Congressional elections occur every two years with the entire House of Representatives and about a third of the Senate seats open. When the election falls halfway between a president’s four-year term its dubbed a midterm election. Often media and political scientists refer to midterms as a “progress report,” because they’re a way to measure voter’s current perceptions of the tidings of the country, specifically feelings about the president. It’s rare for the President’s party to do well in the midterm elections, but exactly how poorly his party does (and it’s always been a his in the USA) is a marker of his national popularity.

This is one reason why people were so interested in this year’s race particularly. For starters, political scientists (and people in general) wanted to see how the country really felt about Trump (as 2016 showed us, polls are not always to be trusted) and some projected that we would see a ‘blue wave.’ What we ended up seeing was actually relatively moderate. Trump wasn’t absolutely rebuked – Republicans still hold the Senate, while Democrats now hold the House.

So from the look of it, this ‘blue wave’ was limited. However, a few things should be noted. The way that the US House of Representatives is elected is roughly similar to how MPs are elected in the UK’s House of Commons. For example, US House candidates run in single-seat elections in small districts all over the country. Whoever gets the most votes in that district wins the seat, just like the UK. But there are differences as well, one of the most important being that the term length of all House legislators is only two years. After those two years, all 435 members of the House lose their seat and are up for election.  

But the Senate is different. Every state gets two Senators, and each Senator is up for reelection every 6 years on an alternating cycle. (this is why in 2018 only 33 senate seats were up for grabs instead of all 100). But the US is really heavily geographically segregated by party: people who tend to vote left typically live in coastal cities in highly populated states and people who vote right tend to live more rurally, largely in the central USA, in states with low populations. This means that even though 45,757,196 people voted Democrat (56.9 per cent) and only 33,340,757 voted Republican, the Republicans hold Senate majority because of these vast population differences by state. This is a huge deal, because the Senate has a lot of power, as the world saw in October when the Senate exercised their right to swear in Brett Kavanaugh to the Supreme Court.  

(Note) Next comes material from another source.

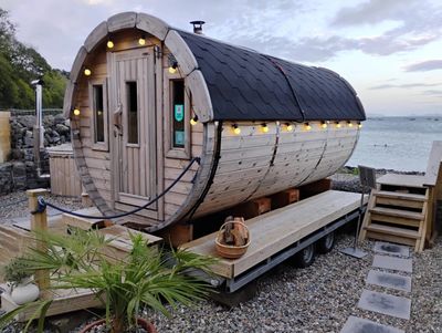 The sauna itself started life down in South Wales with Barrel Sauna UK, making sure that our sauna was made here in Wales was always a priority. Our first location was a tiny patch of land on the way into Beaumaris over looking the Menai Strait and the mountains of Snowdonia / Eryri National Park. Our site consisted of the sauna, a couple of footbaths and a wind breaker. We then custom made our cold plunge tank along with all our beautiful decking. However it was always our intention to change location so in April 2025 we moved a few hundred yards to the beach on the opposite side, with an equally fantastic view and still a 30 second walk to the water at high tide but now with a full site with fencing, free parking, somewhere for our team to sit, lots more decking and seating AND a wood fired hot tub!

So, because of this 18th century, post-Revolutionary War system we have in place, having a full ‘blue wave’ is always going to be pretty challenging. But, the blue wave did happen regionally. A lot of governorships flipped Democrat and lower state representatives and ballot referenda generally went left.

So now that Democrats have the House, what can we expect to see happen?

People keep talking about Russia, especially now that Jeff Sessions, previous Attorney General was forced to resign and replaced by Matthew Whitaker who has been openly against the investigation of Trump’s collusion with Russia (this is important because the Attorney General oversees all Justice Department matters, including the investigation of Trump’s relationship with Russia – called the Mueller investigation). Now that the Democrats have the House, they can approve subpoenas, meaning that they can demand documents and testimony, like Mueller investigation documents that probably would not have been brought to light otherwise.

However, with only the House in their control, Democrats are going to have a nearly impossible time actually passing any leftist legislation, because the president and Senate have to pass the bill too. However, this works both ways: the Republicans are going to have a much harder time passing any kind of legislation because the House will stop their bills as well. This is a recipe for serious gridlock, reminiscent of the position that Obama was in during his last six years as president.

This leaves Trump with two real options. The first is he could do what he’s done in the past: fight opposition with the opposition. This ‘us versus them’ mentality is what his base has responded to. On the other hand, if he were actually able to make some real changes this might help reelection in 2020. This might lead him to strike some deals with Democrats and try to reach compromises. In a press conference directly after the midterms, Trump mentioned infrastructure and healthcare specifically as places that he wanted to come to agreements on with Democrats in the future. That being said, he also called a journalist “rude” and revoked his White House press credentials, and threatened a “warlike posture” if Democrats in the House of Representatives begin an investigation of him, all in the same day. So it looks like President Trump is unlikely to take the conciliatory path.

I spoke to Dr. Melody E. Valdini, Associate Professor of Political Science at Portland State University and Chair of the Representation and Electoral Systems section of the American Political Science Association,  and for her, these election results were (more or less) positive.

American politics in the last two years have been in turmoil – President Trump has disregarded some long-standing norms of behaviour and said some incredibly divisive things. So there was a question of whether this election would be yet another shocking, unprecedented result, but it wasn’t. This result suggests that at least some things are still operating as they have been. Political scientists were glad to see that this election wasn’t yet another unprecedented event, but rather a relatively standard midterm election in the US.”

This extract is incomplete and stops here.